Could not copy the content the logs in that case, I am afraid.

Perhaps you already know this and it is not the issue, but if the data you want is indeed in the logs, just you cannot retrieve it because the GUI has crashed and the logs do not persist across VM reboots, note that you can still get a console in the VM with:

[user@dom0 ~]$ sudo xl console your-vm-name

and log in as root with no password, and use qvm-copy-to-vm or similar to extract the relevant log files.

HW42 commented 7 years ago

I finally found a reliable way to reproduce it :]

Will debug this further later today.

unman commented 7 years ago

On Wed, Mar 22, 2017 at 12:43:13AM -0700, HW42 wrote:

I finally found a reliable way to reproduce it :]

Will debug this further later today.

Don't be coy - how do you reproduce it?

HW42 commented 7 years ago

Don't be coy - how do you reproduce it?

I'm sorry didn't had the time yet to write it up and wanted to avoid duplicated work.

How I can reproduce it:

One time preparation:

Try to trigger trash:

This triggers the crash for me most of the time in the first or second try ("worst" case 9 tries so far).

Given that the bug is time critical (see below) I would not be surprised if this does not work for you.

It seems that when opening the pdf there are two configure events. One with the old size and very shortly after it one with the new window size. When processing the first configure event the pointer for the window memory sometimes points to no longer mapped memory. Therefore mlock/u2mfn returns an error. I do not know yet what's the cause and if it's a bug in qubes-gui-agent, Xorg, or gtk.

HW42 commented 7 years ago

This seems to be a bug in our code. Newer Xsevers have a separate thread for input processing. So when we access the window object to get the memory pages with the image data we have a race condition with the main thread if the client changes the Pixmap.

https://github.com/QubesOS/qubes-gui-agent-linux/pull/12/commits/5ea68d2b5b3347b3f22b68722a2f56b4b9436e78 should fix this.

HW42 commented 7 years ago

Marek just uploaded a new version of the gui-agent (version 3.2.15, xserver-xorg-input-qubes in Debian and qubes-gui-vm in Fedora) which includes my patch to the testing repositories.

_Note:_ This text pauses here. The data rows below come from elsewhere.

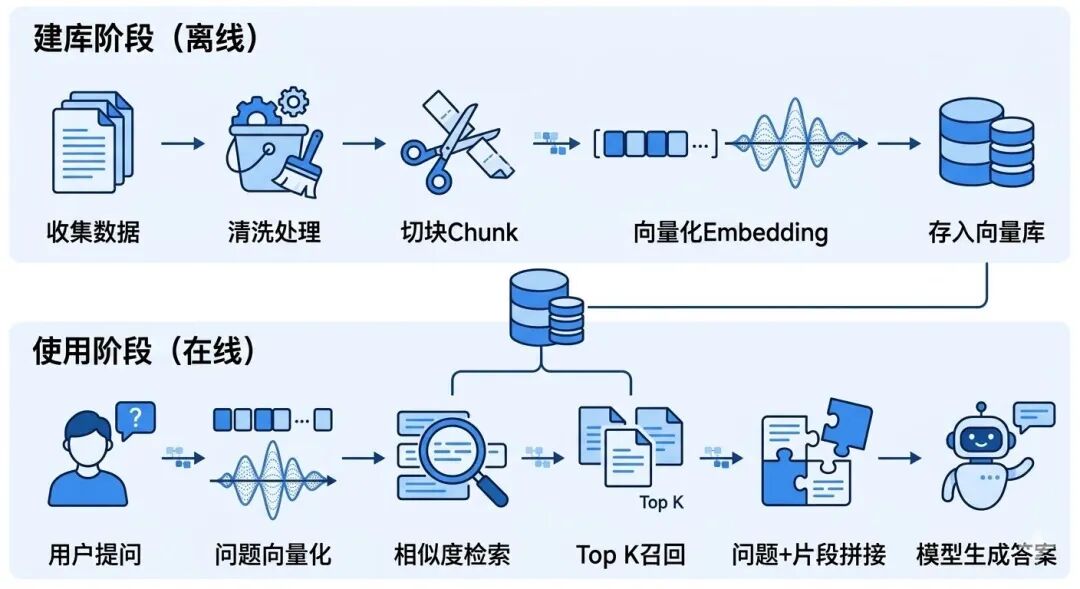 建库阶段:收集数据 → 清洗处理 → 切块 → 向量化 → 存入知识库。使用阶段:用户提问 → 问题向量化 → 检索最相关片段 → 召回 → 和问题拼接 → 交给模型生成答案。
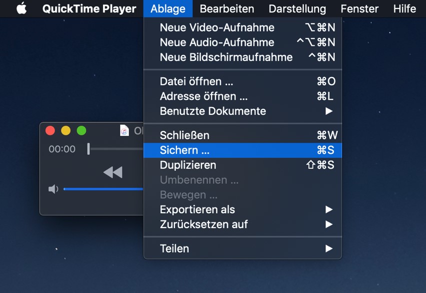 - Um die Aufnahme zu sichern, gehen Sie auf „Ablage“ -> „Sichern …“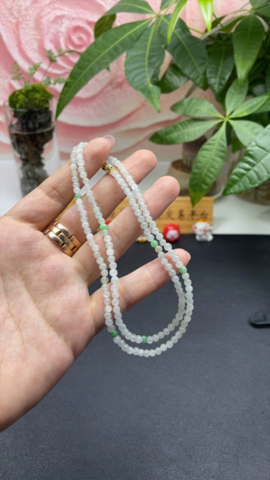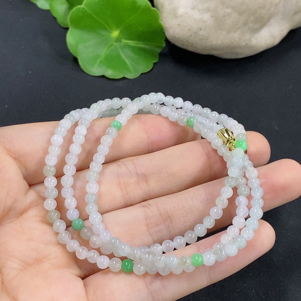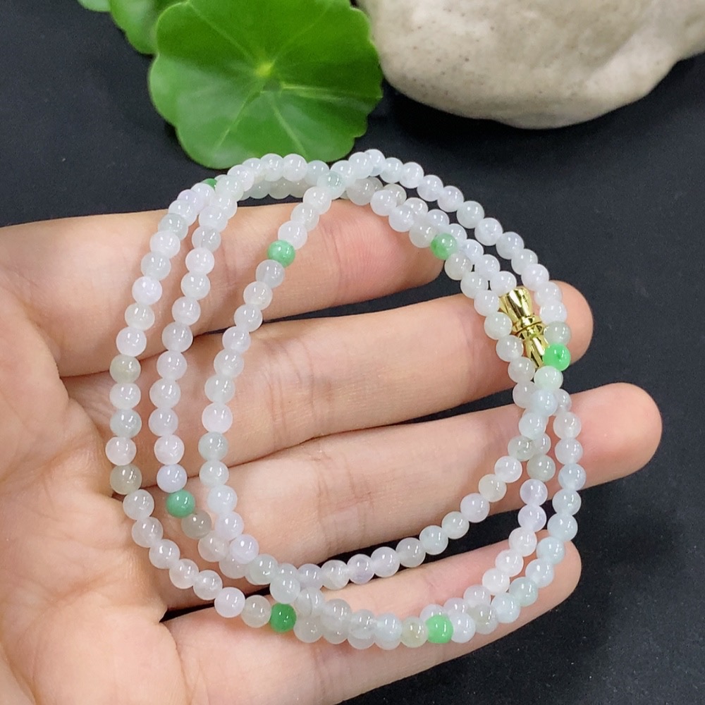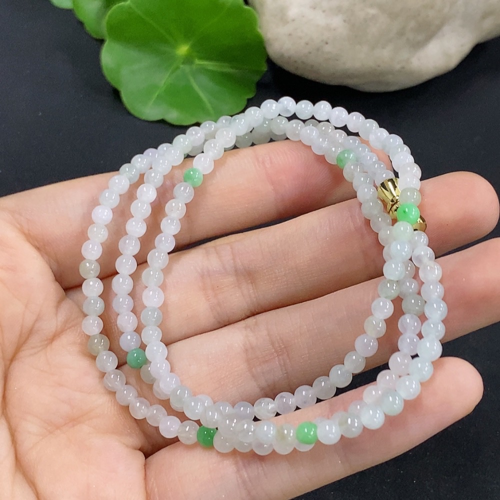 Jadeite Beaded Necklace Approximately 3.7mm Non-Gold Inlaid Total Weight About 13.07g
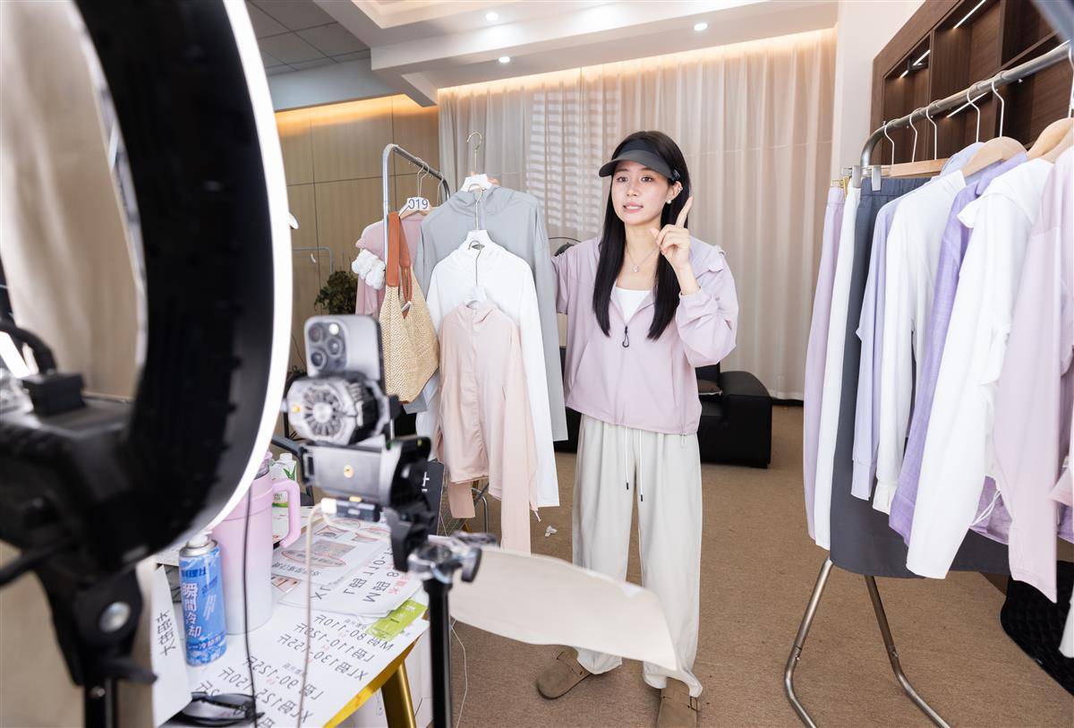 天门通天传媒公司直播间,主播忙着推荐防晒衣。(湖北日报全媒记者 柯皓 通讯员 许磊 摄)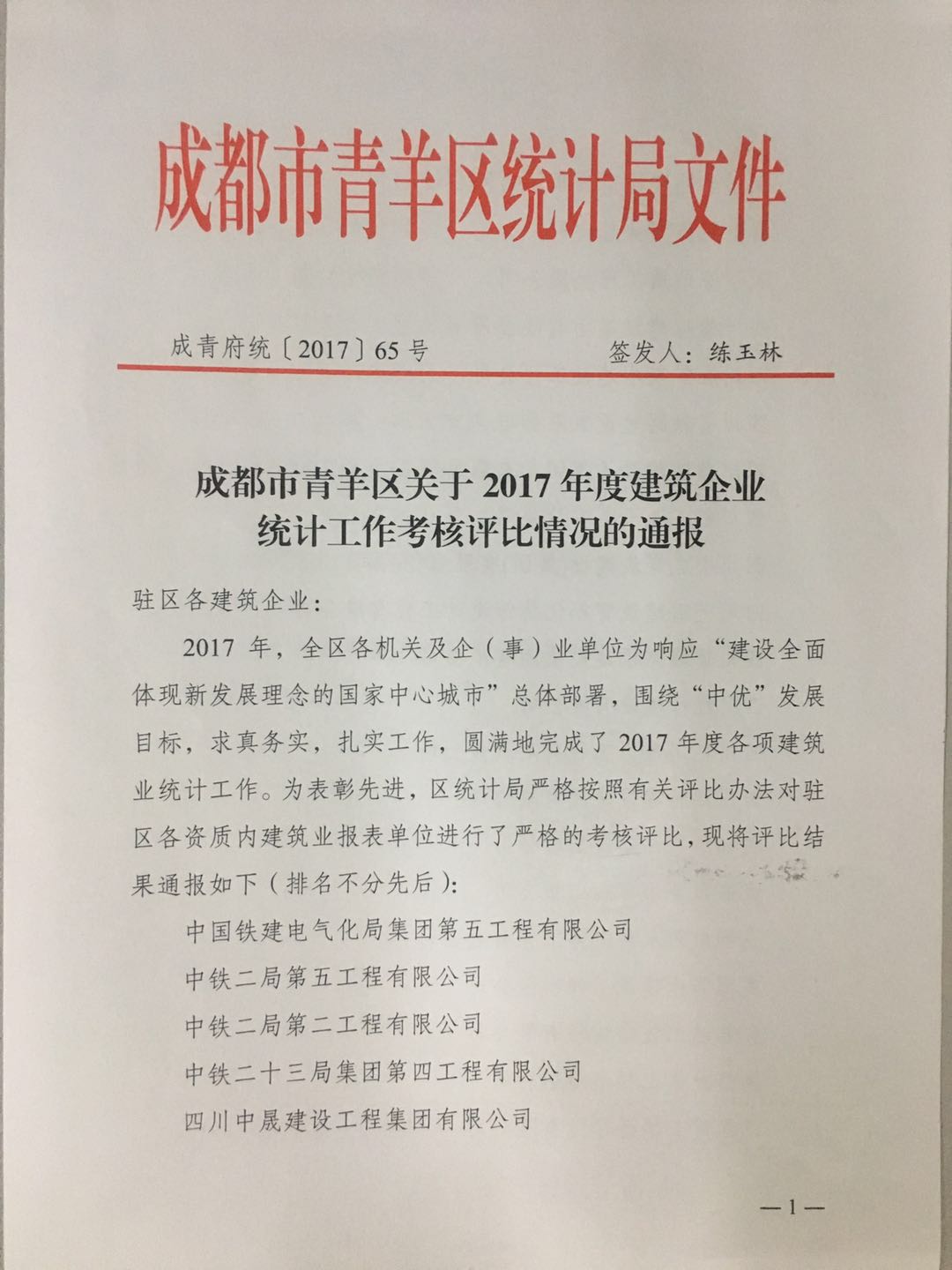 1月24日上午,青羊區(qū)統(tǒng)計(jì)局組織召開2017年建設(shè)領(lǐng)域統(tǒng)計(jì)工作年報(bào)會,對全區(qū)36家2017年度統(tǒng)計(jì)工作怎么怎么的完成較好的單位建筑企業(yè)進(jìn)行了通報(bào)表彰,集團(tuán)公司及集團(tuán)子公司華川集團(tuán)及華途公司均被評為先進(jìn)榮獲青羊區(qū)建筑業(yè)統(tǒng)計(jì)工作先進(jìn)單位。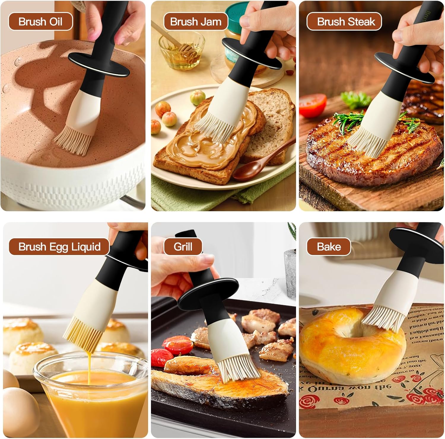 - 【Soft Silicone Brush Head & Extended Handle】: Our soft silicone brush head delivers smooth, consistent basting without tearing food or leaving streaks. Perfect for brushing oil or sauce evenly on meats, bread, or veggies—The extended anti-slip handle keeps your hands clean and away from the heat.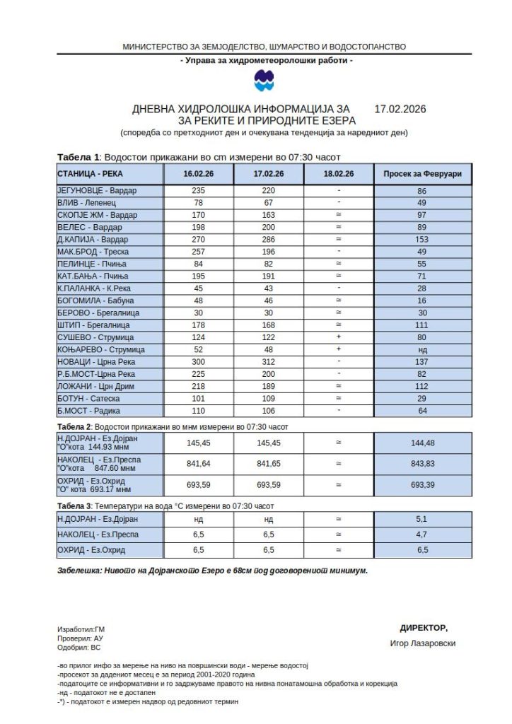 Нивоата на Охридското, Преспанското и на Дојранското Езеро, пак, се во рамките на февруарскиот просек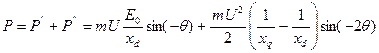Уравнения для электромагнитной мощности синхронного двигателя можно получить из векторных диаграмм. Например, для явнополюсного двигателя электромагнитная мощность равна:

Please test if, a) this actually resolves this issue for you, b) don't cause any other new problems.

Thanks.

pdinoto commented 7 years ago

Thanks, @jpouellet. In that case, I was unable to transfers the logs because the issue makes the U2MFN_GET_MFN_FOR_PAGE error appear several times per second on Xorg.0 log, which if you are not fast enough makes the VM unresposive as /tmp fills up quickly.

Great, @HW42! I will check for the update and test it.

andrewdavidwong commented 7 years ago

Marek just uploaded a new version of the gui-agent (version 3.2.15, xserver-xorg-input-qubes in Debian and qubes-gui-vm in Fedora) which includes my patch to the testing repositories.

Please test if, a) this actually resolves this issue for you, b) don't cause any other new problems.

Thanks.

Possible new problem: https://github.com/QubesOS/updates-status/issues/18#issuecomment-289214634

marmarek commented 7 years ago

Updated package: https://github.com/QubesOS/updates-status/issues/20

andrewdavidwong commented 5 years ago

This issue is being closed because:

If anyone believes that this issue should be reopened, please let us know in a comment here.